Institute of Engineering University Grenoble Alpes, CNRS, Grenoble INP, GIPSA-Lab, 38000 Grenoble, France.
Chorus, Fondation Grenoble INP, 38000 Grenoble, France.
J Acoust Soc Am. 2018 May;143(5):2834. doi: 10.1121/1.5036628.
The work presented in this paper focuses on the use of acoustic systems for passive acoustic monitoring of ocean vitality for fish populations. Specifically, it focuses on the use of acoustic systems for passive acoustic monitoring of ocean vitality for fish populations. To this end, various indicators can be used to monitor marine areas such as both the geographical and temporal evolution of fish populations. A discriminative model is built using supervised machine learning (random-forest and support-vector machines). Each acquisition is represented in a feature space, in which the patterns belonging to different semantic classes are as separable as possible. The set of features proposed for describing the acquisitions come from an extensive state of the art in various domains in which classification of acoustic signals is performed, including speech, music, and environmental acoustics. Furthermore, this study proposes to extract features from three representations of the data (time, frequency, and cepstral domains). The proposed classification scheme is tested on real fish sounds recorded on several areas, and achieves 96.9% correct classification compared to 72.5% when using reference state of the art features as descriptors. The classification scheme is also validated on continuous underwater recordings, thereby illustrating that it can be used to both detect and classify fish sounds in operational scenarios.
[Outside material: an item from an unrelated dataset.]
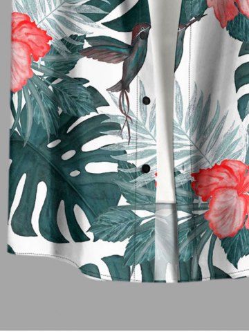 Short Sleeves Shirts > Plus Size Hibiscus Flower Tropical Leaf Print Buttons Pocket Hawaii Shirt For Men

本文的工作重点是使用声学系统对海洋生物种群的活力进行被动声学监测。具体来说,本文重点研究了使用声学系统对海洋生物种群的活力进行被动声学监测。为此,可以使用各种指标来监测海洋区域,例如鱼类种群的地理和时间演变。使用监督机器学习(随机森林和支持向量机)构建了一个判别模型。每次采集都表示在一个特征空间中,其中属于不同语义类别的模式尽可能可分离。为描述采集而提出的特征集来自在包括语音、音乐和环境声学等各个领域执行声学信号分类的广泛现有技术。此外,本研究提出从数据的三个表示形式(时间、频率和倒谱域)中提取特征。在所提出的分类方案中,对在多个区域上记录的真实鱼类声音进行了测试,与使用参考现有技术特征作为描述符时的 72.5%相比,实现了 96.9%的正确分类。该分类方案还在连续水下记录上进行了验证,从而说明了它可以用于在操作场景中检测和分类鱼类声音。